Гарри после школы пошел работать на ферму, взяли его по рекомендации его "деда", который продолжал работать на этой ферме еще долго после того, как Гарри оставил ее, чтобы заняться журналистикой. В конце концов уволили и старика - когда ему было хорошо за восемьдесят. Джон тяжело воспринял свою отставку. Однако, как и всегда в своей трудной, суровой жизни, смирился с неизбежным. Оказалось, что можно подстригать живые изгороди у ближайших соседей. Он выработал собственное расписание: сам готовил, сам делал покупки; в определенные дни то кружка пива за обедом, то стаканчик виски вечером; и воскресный обед у Джозефа и Бетти.
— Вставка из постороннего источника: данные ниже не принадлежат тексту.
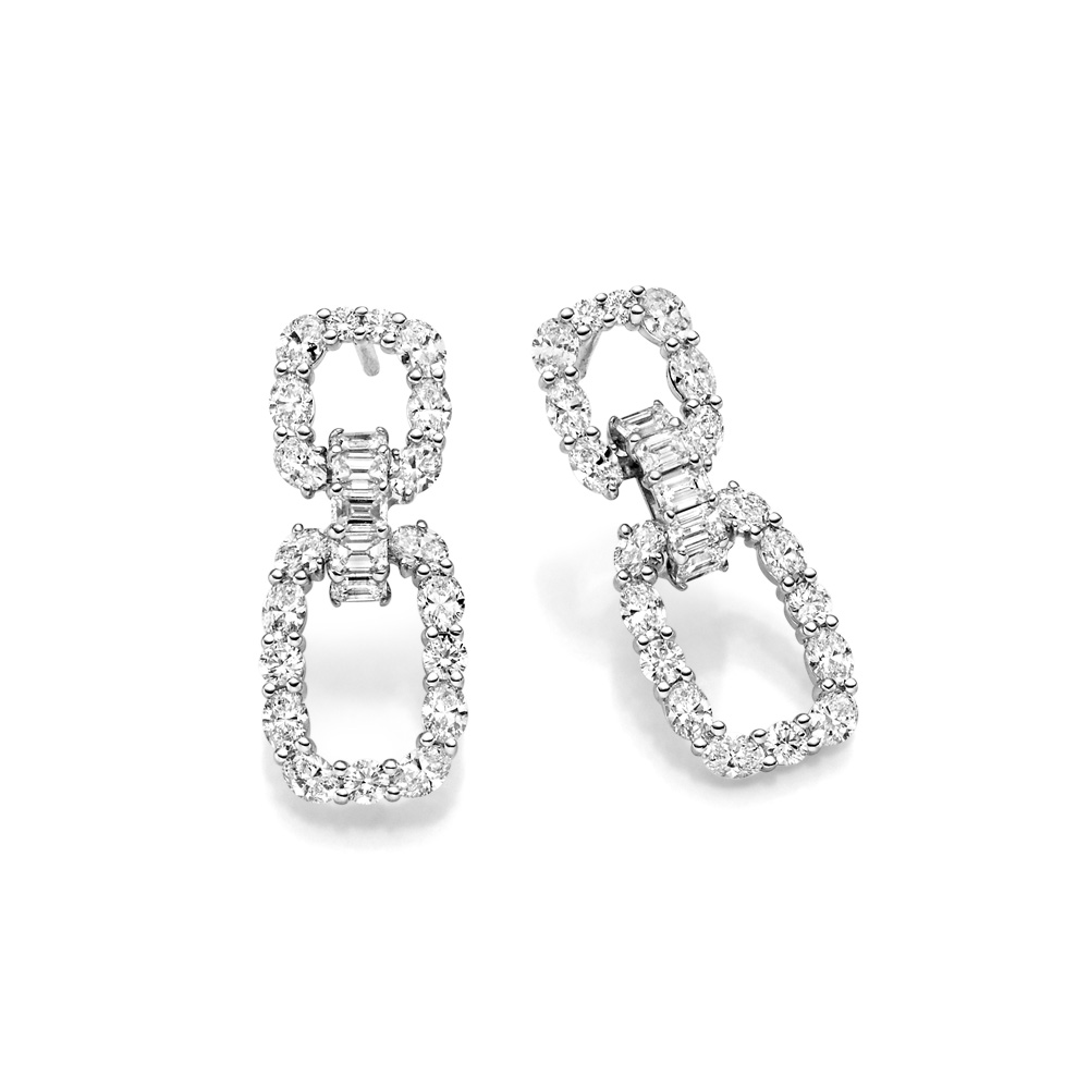 Charmanter Ohrschmuck mit weißen Diamanten in feinster Machart. Durch den Mix aus drei verschiedenen Schliffformen versprüht dieser Ohrschmuck Chic und Extravaganz. In feiner Handarbeit in Weißgold 750/- gearbeitet.

Но больше всего в конце своей длиннущей жизни, на протяжении которой судьба забрасывала его и в котлованы, и в шахты, прорытые под морским дном, копать уголь в условиях, знакомых еще рабам в Риме, и на фермы, пахать землю на лошадях, самому работая, как лошадь, и затем на первую мировую войну, где его использовали с тем безразличием, с каким испокон веков используется пехота, и снова домой, куда он вернулся героем и где его ждали новые испытания: смерть первой жены и крах семьи, смерть любимого сына; еще беды, еще работа, еще безработица и так, пока приливной волной середины столетия его не прибило к порогу достатка; больше всего в конце своей жизни Джон полюбил то, что раньше воспринимал как неизбежность, - ходить пешком. Он гулял по берегу Уизы, мысленно отмечая те места, где могла прятаться форель; он гулял по нескольким сохранившимся еще аллейкам в центре обезличенного и осовремененного Тэрстона; он шел в парк посмотреть, как дети качаются на качелях. Однажды, незадолго до своего девяностолетия, он отправился в деревню, где когда-то родился. До нее было три мили. Он отправился, никому ничего не сказав. Но кто-то из тэрстонцев увидел его, предложил подвезти на своей машине, получил нелюбезный отказ и раззвонил по городу о заслуживающем внимания инциденте. Внимания он заслуживал потому, что к имени Джона все чаще прибавляли эпитет "старый" (мужчины не так часто доживают до девяноста лет), а еще потому, что, по словам автомобилиста, "сразу было видно, что он на ногах еле держится от усталости, вконец измотан, пальцем ткни - рассыплется, а вот поди ж ты, не захотел старикан сесть в машину, ответил: "Нет, спасибо!" - прямо как отшил. "Нет, спасибо!" - и весь разговор!" Джон ходил взглянуть на коттедж, в котором впервые увидел свет. Коттедж был покрашен, усовершенствован и отделан в соответствии со вкусами супружеской пары, проживавшей в нем. Оба были зубные врачи, занимались практикой в Карлайле и ежедневно ездили туда из деревни. "Черт те что из него сотворили!" - одобрительно сказал он. Прошел мимо коттеджа в одну сторону и вернулся, но останавливаться и глазеть на него не стал, чтобы не мозолить людям глаза и не возбуждать подозрений.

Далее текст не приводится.